Cats, like humans, are better trained while young. Kittens can be trained, but not in the same way as dogs. The basic training includes teaching your kitten where to eat and drink, familiarizing it with its own litter box, and teaching it what is “appropriate play”. Here are some of the cat behaviors you want to avoid, and how to train the kittens so they will grow up as “civilized” cats.
- Eating and drinking off the kitchen sink, the table top and anywhere else other than its own food and water bowl. Since cats can jump high and make little noise, you may be caught by surprise when your kitty cat has eaten your lunch before you even had the chance to cook it. To prevent your kitten from developing this bad habit, place aluminum foil on surfaces near the kitchen counter where it is most likely to jump off from. Cats get irritated with the sound of foil when they step on it, so this will keep your kitty off for a while, until it realizes that the kitchen sink is not a fun place to be. You can also use those rags with a rubber underside, and place it wrong side up, where the pointy rubber surface sticks out. Cats also do not like the feel of pointed objects on their paws. You may also do this to avoid the kittens from going near potted plants and chewing on the leaves.

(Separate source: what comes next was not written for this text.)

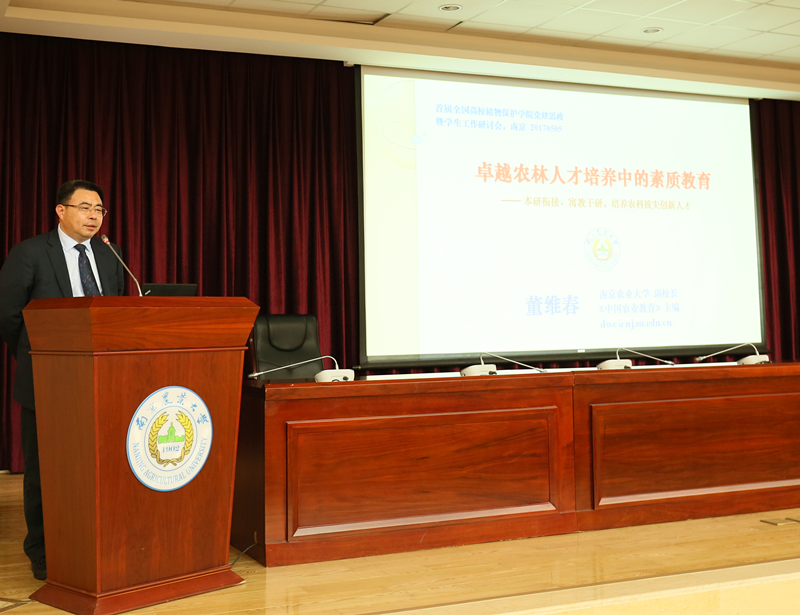 董维春应邀为大会作了题为“卓越农林人才培养中的素质教育”的报告,阐述通过“本研衔接、寓教于研”的方式,培养农科拔尖创新人才。他指出,要用历史和哲学的眼光看待教育,要从关心眼前问题转变为思考未来、从关心价格功利转变为关心价值远景、从技术层面上升为哲学层面。他表示,百年南农以培养卓越农林人才为使命,以建设世界一流农业大学为目标,愿与各兄弟高校一起,转变教育理念,主动适应现代农业发展需要;完善知识结构,不断加强文理学科专业建设;改革培养模式,积极构建创新人才培养立交桥;拓展学术视野,努力全球化与跨学科语境,共同致力于农科拔尖创新人才培养事业。

- Scratching the furniture. Cats scratch surfaces to trim their nails, and also to play. You can also cover the furniture with aluminum foil, and instead provide your kitten with a scratching pole. This way, the little kitty will not have any urge to scratch other surfaces. You can buy one or make your own scratch pole. Use a long wooden stick, preferably more than one foot, place it vertically on a secure base, and wrap it with rope. Your kitten will be delighted with its new toy. Always have a scratch pole until your kitten grows into an adult cat.

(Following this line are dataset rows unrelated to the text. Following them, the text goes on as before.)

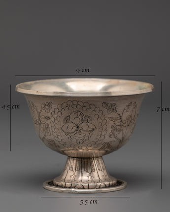 Elevate your spiritual practice with this magnificent Tibetan Ritual Water Bowl Set, which is skillfully crafted from copper and silver-plated for a beautiful finish. Each bowl is 7cm tall, 9cm in diameter, and has an interior depth of 4.5cm, making it ideal for traditional water offerings during puja, meditation, and holy ceremonies.
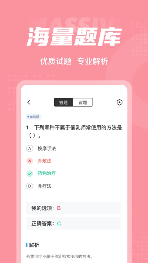 中医催乳师考试聚题库是一款针对中医催乳师考试的应用,主要功能特点包含:
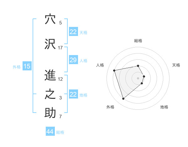穴沢 進之助さんの総格は44画の2点!
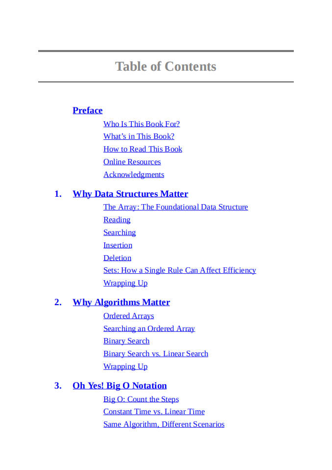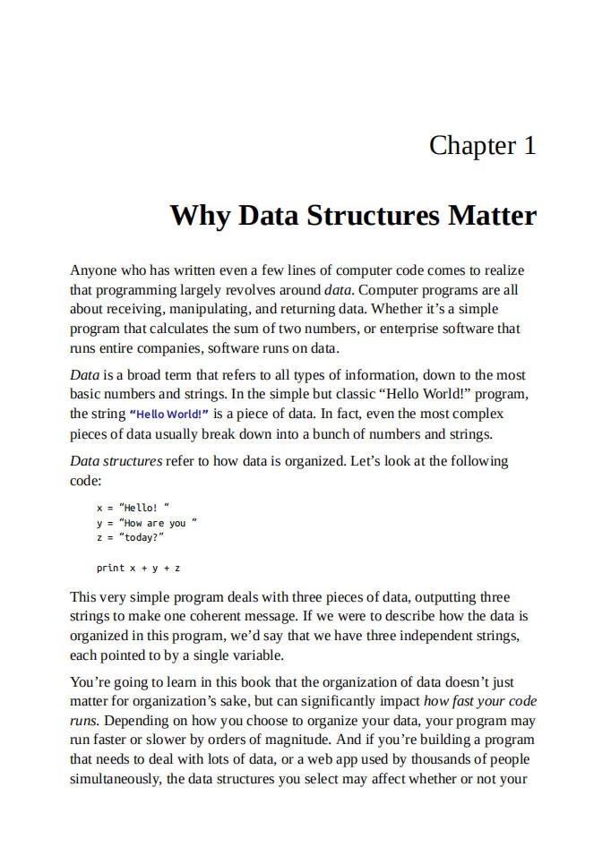 Data structures and algorithms are much more than abstract concepts. Mastering them enables you to write more efficient code that runs faster, which is particularly important for today’s web and mobile apps. If you last saw an algorithm in a university course or at a job interview, you’re missing out on the raw power algorithms can provide.

- Peeing and pooping everywhere. Toilet training for cats is easy, as some people claim, as long as there is soil. However, if you have potted plants in the house, or your backyard is bare soil, then that will mean the cat gets to “go” everywhere. While your kitten is young and new, place it in its litter box after its regular meal, and after it has woken up. Just like humans, it will feel a need to pee after it has slept. Make sure you keep the litter box clean after every “session”, to encourage your kitty to go back later on. Kittens also do not want a smelly “toilet”, and also to avoid it from getting sick or spreading germs around the house.

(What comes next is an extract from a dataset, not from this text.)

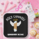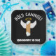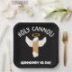 Ces assiettes amusantes sont parfaites pour les fêtes d'anniversaire et plus encore. Ils arborent le slogan SAINT CANNOLI au-dessus d'une illustration d'un cannoli avec des ailes de halo et d'ange. Votre message personnalisé apparaît sous le graphique. Le texte blanc en gras est défini contre un arrière - plan noir.
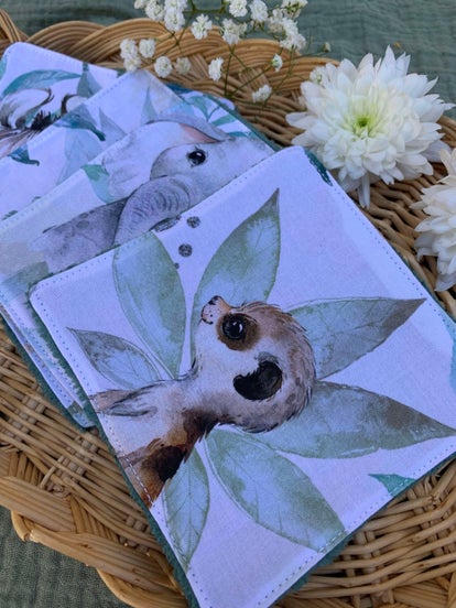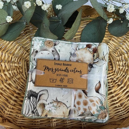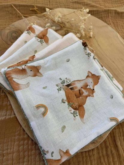 Chaque coton est composé d’une face ultra douce en tissu doudou ou éponge bambou, et d’une face en coton imprimé aux motifs tendres et poétiques. Une alternative écologique et économique aux cotons jetables, pour accompagner bébé avec douceur tout en respectant la planète 🌍

- Scratching and biting during play time. While it is cute for kittens to look “scary” and “wild” while at play, it is best not to encourage your kitten to play harshly. This will eventually hurt you, literally, since cats develop rather sharp claws, and tough skin. Humans have more sensitive skin that cannot tolerate a cat’s scratch. If your kitten shows too much aggressive behavior at play, either cage it for a while, isolate it or totally ignore it, withdrawing affection. This will be a sign for your kitten to realize its mistake.
Kittens, like human babies, do not respond well to harsh punishments, but improve their behavior when rewarded. Give your kitten a soft, affectionate pat when it shows good behavior.